- **TASK ITEM**
The required output is the exact text of the lines from the line containing "วิเคราะห์บอล แชมเปียนชิป อังกฤษ" through the final line below, inclusive, without pictures.

- **SUPPLIED INFORMATION**
* * *

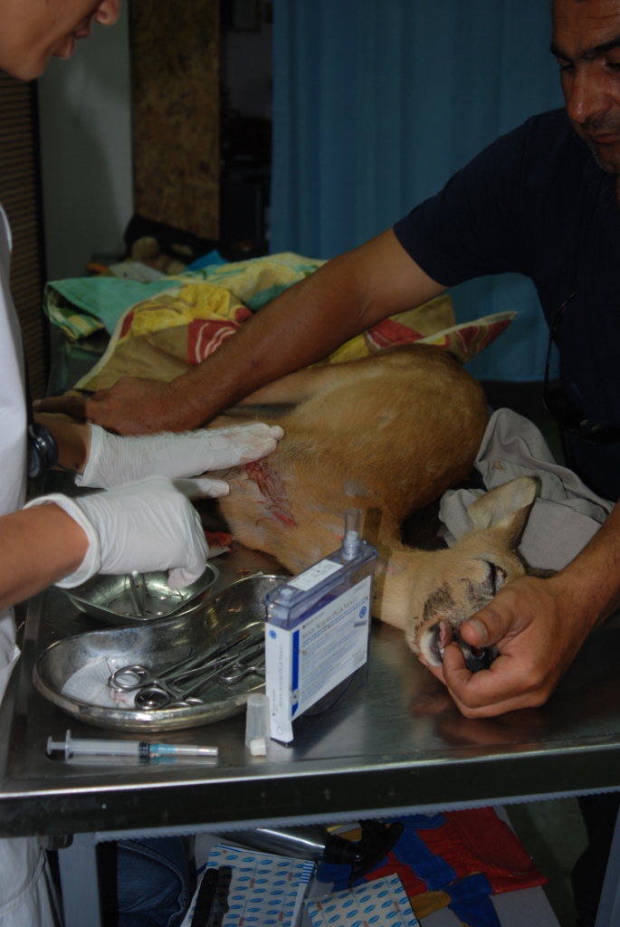 Με τη συνδρομή των οδηγών ποταμού της Riverland (Γραφείο οικοτουρισμού), που υλοποιούσε δράση στην περιοχή, μεταφέρθηκε το τραυματισμένο ζαρκάδι έξω από την περιοχή των Στενών του Νέστου και αφού παραλήφτηκε από την ομάδα επόπτευσης μεταφέρθηκε σε κτηνιατρείο της Ξάνθης, όπου μετά από γενική αναισθησία, του έγινε περιποίηση και ράψιμο των τραυμάτων που είχε από άγνωστη αιτία στη δεξιά του πλευρά.
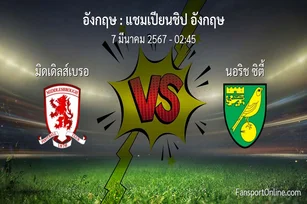 วิเคราะห์บอล แชมเปียนชิป อังกฤษ ระหว่าง มิดเดิลส์เบรอ พบ นอริช ซิตี้ (7 มีนาคม 2567)
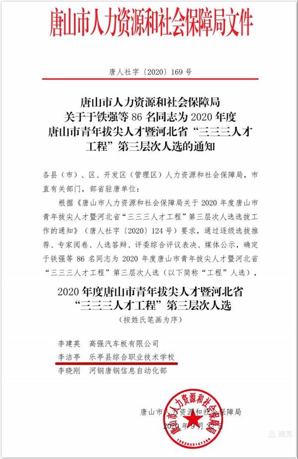 为加快推进我省专业技术人才队伍建设,省人力资源和社会保障厅等七部门联合制定了《河北省“三三三人才工程”实施方案》。河北省“三三三人才工程”是我省培养和管理省级中青年学术技术带头人,实施人才强省战略的重要举措,人选面向我省国有企事业单位、非公有制组织以及中直驻冀单位中青年专业技术人员选拔。选拔和培养具有发展潜能的优秀青年人才作为学术、技术带头人后备人选,形成体系完整、层次分明、动态优化的高层次人才选拔培养体系,为我省各项事业发展提供坚实人才保障。我校李洁亭老师通过逐级选拔推荐、专家阅卷、人选答辩、评委综合评议表决、媒体公示,层层筛选,脱颖而出,成为2020年度唐山市青年拔尖人才暨河北省“三三三人才工程”第三层次人选。

* * *

- **EXERCISE RESPONSE**
 วิเคราะห์บอล แชมเปียนชิป อังกฤษ ระหว่าง มิดเดิลส์เบรอ พบ นอริช ซิตี้ (7 มีนาคม 2567)
 为加快推进我省专业技术人才队伍建设,省人力资源和社会保障厅等七部门联合制定了《河北省“三三三人才工程”实施方案》。河北省“三三三人才工程”是我省培养和管理省级中青年学术技术带头人,实施人才强省战略的重要举措,人选面向我省国有企事业单位、非公有制组织以及中直驻冀单位中青年专业技术人员选拔。选拔和培养具有发展潜能的优秀青年人才作为学术、技术带头人后备人选,形成体系完整、层次分明、动态优化的高层次人才选拔培养体系,为我省各项事业发展提供坚实人才保障。我校李洁亭老师通过逐级选拔推荐、专家阅卷、人选答辩、评委综合评议表决、媒体公示,层层筛选,脱颖而出,成为2020年度唐山市青年拔尖人才暨河北省“三三三人才工程”第三层次人选。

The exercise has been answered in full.